Bothersome by Robin Densmore Fuson
Insomnia plagues me. One
symptoms of fibromyalgia is the body doesn’t rejuvenate and heal during sleep
the same as unaffected bodies do. Tiredness and sleepiness are a constant
ailment. To help get me into the restful place where sleep can happen, I listen
to the Bible throughout the night.
Every night for the last
five years, my mind settles down in the scriptures. I get to listen to familiar
stories of people and their struggles and their rejoicing.
Until two nights ago.
I woke to silence. It was
still dark. The sun hadn’t started its rise over the horizon. I opened the app
and saw an empty screen. Black, because I have it on night vision. I restarted
the app. Nope. Still no words on the screen. I restarted my phone. Nothing
worked. So, I turned on praise music softly so I wouldn’t get all excited and
want to raise my voice and my hands in praise.
Though difficult, I
managed to rest before my alarm sounded.
This bothersome issue
made me think how life would be if I couldn’t get it fixed. Or worse, what if
all the Bible programs on the internet went down?
I own numerous Bibles.
What would happen if Bibles got banned and confiscated?

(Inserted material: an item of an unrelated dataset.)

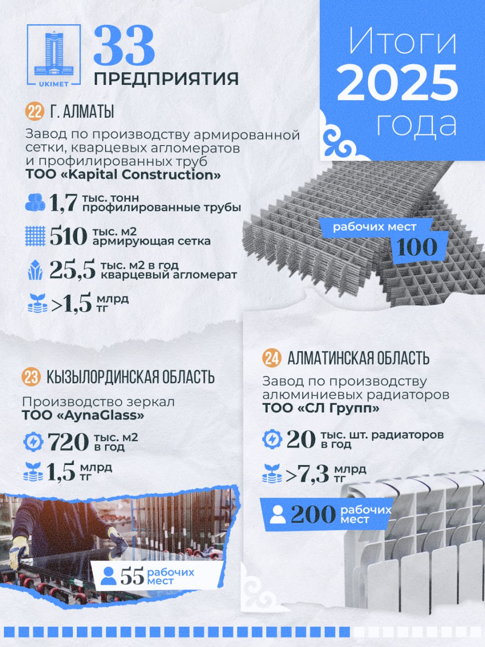 - ТОО «AynaGlass» (производство стройматериалов, Кызылординская область): инвестиции — 1,5 млрд тенге, создано 55 рабочих мест, производство зеркал — 720 тыс. м2 в год.

What if there was a
huge book burning and they forced me to relinquish my copies of God’s precious
love story to me, you, and all of us?
Would I yield? Give one
and hide the others? Hide one small version of sixty-six books? Did I possess,
deep inside me, the courage to say, “No! No, you can’t have any of my Bibles!”
I want to be the one to
take a stand. I want to be the person who knows, without a doubt, God’s Word is
a principal player in my life. I need His Word like I need water and air.

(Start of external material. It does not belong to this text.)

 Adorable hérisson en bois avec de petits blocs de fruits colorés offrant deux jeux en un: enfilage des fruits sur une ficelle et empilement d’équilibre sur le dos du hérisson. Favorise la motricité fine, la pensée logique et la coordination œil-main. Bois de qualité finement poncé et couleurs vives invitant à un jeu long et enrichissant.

Prayer and His Word sustain me.
I have many passages
memorized and I know what others say. I know the stories and events. But that’s
not enough. I want His Word to penetrate my soul every day. Aren’t we supposed
to meditate and memorize His Word? God’s Word is alive and He speaks to me
through His Word.
I am who I am because of
His Word and because of my relationship with Him. Every day, all throughout the
day, I speak to Him. He speaks back through His Spirit and His Word. We have a
relationship. So why would I allow His Word taken out of my life?
I can’t. I would fight if
someone tried to take my husband or another family member away. His Word is as
important. I can’t live without the Lord and His Word.
What do you think? How do
you feel?
I have hidden your word
in my heart, that I might not sin against you (Psalm 119:11 nlt).
Your word is a lamp to
guide my feet and a light to guide my path (Psalm 119:105 nlt).